VINCENT: Książka to powieść, metaforyczna podróż z chłopca w mężczyznę ukazana na mojej osobistej historii. Treść skupia się na pokonywaniu wewnętrznych barier, przekraczaniu granic. Wyrwaniu się z krępujących, wpajanych od dziecka przekonań, wzięciu życia w swoje ręce. Przełamywania strefy komfortu, tytułowemu “spalaniu się w atmosferze”. To początek rajdu przez najlepsze lata życia, pierwsza część z serii. Projekt powinien być minimalistyczny. Na samym początku myślałem o tym, by pokombinować z moim logiem – może je “popękać”, “nadpalić”. Pytanie tylko, czy dałoby radę to zrobić bez popadania w kicz. To luźna propozycja, generalnie jestem otwarty na nowe pomysły tak długo, jak będą wykonane minimalistycznie, dosadnie i nie będą “kiczowate”.

TWD: Rozumiem, że tytuł “Płonąc w atmosferze” nawiązuje metaforycznie do przełamania bariery między atmosferą Ziemi a kosmosem. Zdecydowanie sugeruje to coś ryzykownego, niezależnie czy w atmosferę wchodzi np. taki wahadłowiec czy meteoryt. Czy tekst książki również wskazuje na pewne ryzyko, coś co może się nie udać?

 

VINCENT: Tak.
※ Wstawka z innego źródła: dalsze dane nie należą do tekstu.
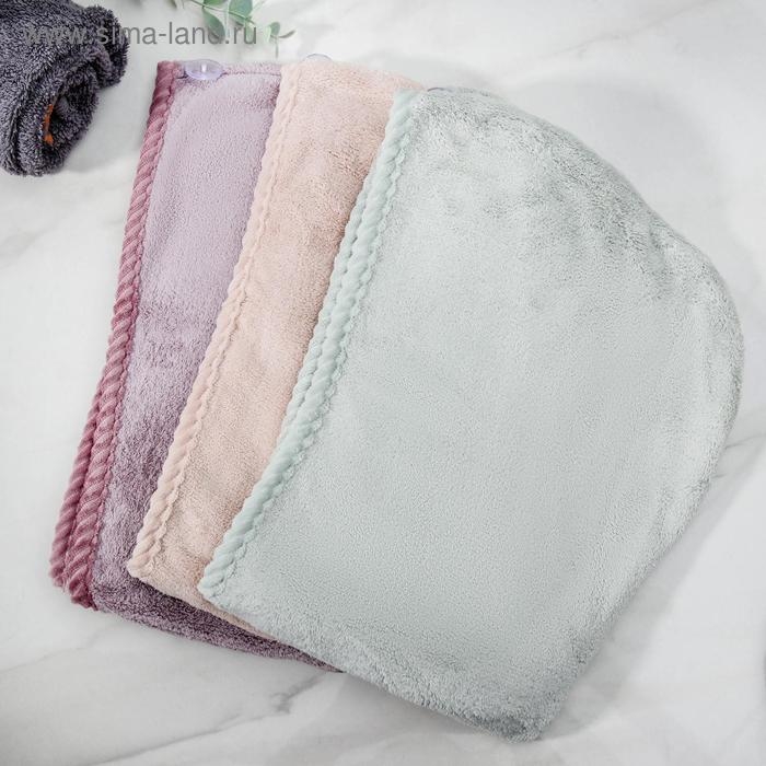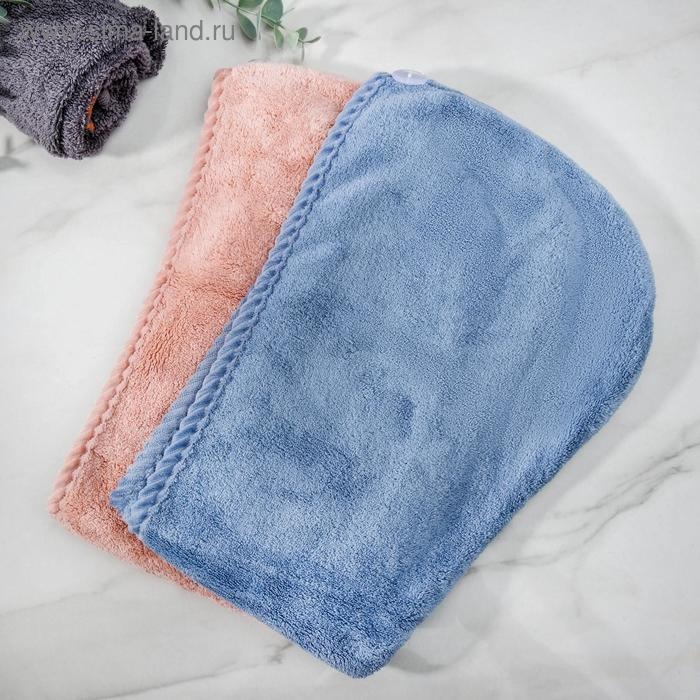 Чалма для сушки волос Доляна, микрофибра, с пуговкой, цвет розовый

Co więcej – wychodząc z introwertyzmu, podejmując działanie i zaczynając żyć według własnych reguł wystawiamy się na opinię ludzi, której procent ZAWSZE będzie negatywnym zjawiskiem “zrównania” do ogólnego poziomu, taka kara za wyjście przed szereg. Więc podejmowanie inicjatywy czy to w rozwoju swojej osoby, czy to w biznesie zawsze wiąże się z przyjmowaniem na klatę krytyki.
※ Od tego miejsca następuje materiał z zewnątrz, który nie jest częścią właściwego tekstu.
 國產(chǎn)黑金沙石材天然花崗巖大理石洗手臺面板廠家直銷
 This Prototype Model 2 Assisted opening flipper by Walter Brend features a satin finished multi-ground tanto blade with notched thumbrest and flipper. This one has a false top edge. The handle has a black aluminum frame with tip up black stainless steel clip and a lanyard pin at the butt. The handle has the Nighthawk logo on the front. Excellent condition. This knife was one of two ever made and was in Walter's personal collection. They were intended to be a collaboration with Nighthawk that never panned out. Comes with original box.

TWD: I stąd wypływa kolejne pytanie: czy powieść ma pełnić funkcje mobilizującą do działania? Zawierać pewne porady, mimo, że technicznie poradnikiem nie będzie?

VINCENT: Zdecydowanie. To książka dająca nadzieję samotnym facetom, stłamszonym przez społeczeństwo. Prawdziwa historia będąca jasnym przykładem, że wyrwanie się z bagna jest możliwe.

TWD: Ukazanie nadpalonego logo może być o tyle trafnym zabiegiem, że czytelnik zauważy, że autor książki jest kimś, kto ma to już za sobą. Równocześnie nasuwa się pytanie: czy przeżył / czy odniósł sukces / czy było to bolesne. Sądzę, że jedna z propozycji może opierać się na tym motywie, jednak poszukamy również innych interpretacji tego tematu. Pewnie podczas projektowania pojawią się bardziej szczegółowe pytania, damy wtedy znać.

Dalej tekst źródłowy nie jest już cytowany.